In this poem the ill brother is
gifted, not afflicted, and comprehends the world and its sorrows. As he plays his dream-lyre for the “Retarded,
autistic, cerebral palsied,” he makes the profound observation that among the
suffering “Love connects us like our chronic labor/ miraculously binds yards of
yarn into cloth;”
Yet,
as skillfully as Bherwani elevates the brother, he
just as skillfully exposes him in his most primal moments in the collection’s
second section, which is a flashback to his earlier family life. Bherwani questions his brother’s volatile behavior:
Why
is his cry
so guttural
and sad? He strikes forehead with fist
and pounds
head against furniture
and wall,
sobbing and screaming.
The brother’s violent outbursts are
hardly manageable by the father and mother who “trembles/praying, standing/
beside her powerless, maddened son who takes her hands, / folded in prayer, and
bites them.”
It
is in this exposure of the brother’s condition that Bherwani
also continues to expose himself. “In this night of
the spirit there is/a guilty one. He escapes unscathed.” However, one could
hardly say Bherwani goes “unscathed.” His dilemma is too poignant. He both loves
and is shamed by his sibling. He wants to be present and absent. He feels duty toward his sibling. He feels duty toward himself.
Although Bherwani
does return to Bombay to assist his mother and brother during his father’s
illness and after his death, he cannot continue to stay to care for them. In the third section of The Second Night of the Spirit Bherwani
finds himself escaping once again, traveling to New York, Amsterdam, and Osaka.

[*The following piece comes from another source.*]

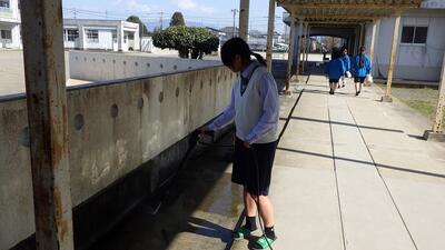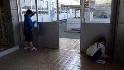 3年生が校内中の奉仕作業をしてくれました。生徒たちが奉仕作業したほうがよいと考える場所をアンケートで集約し、学年生徒会で割り振りをして作業をしました。日頃掃除できない窓を拭いたり、特別教室の片づけをしたりして、学校中がとてもきれいになりました。3年生の皆さん、ありがとうございました。

As he travels and seeks solace in writing, Bherwani’s
act of writing is in many ways parallel to his brother’s earlier looming. Just as the brother is damned, Bherwani reveals, “I scribble one futile line after/
another, each at best a doodle. / I am cursed.” He continues to deconstruct his
own life and to find parallel between himself and his brother:
I am surrounded by books in New York,
in Bombay. They are useless, they make me
brood.
I am condemned to brooding: useless
books.
They are to me what my brother’s
blanket is to him, the blanket he carries
everywhere, covering himself on bed,
on sofa, even during dog days, even in
mid-
May’s heartless
heat. Some shrink
has a theory
about my brother and his blanket. Smart
shrink. He must have a theory
about me and my books.
Bherwani, propelled into flight in order to escape his painful family history, continues to “seek anything that cradles/ a void with something in it like life.” The beauty of the collection’s language and honesty with which he reveals, “I am not devious. I am wretched,” makes Bherwani fully human, not some inflated hero or martyr. In turn, this forthright and powerful first book gives its readers to permission to embrace their own lives more fully and gently.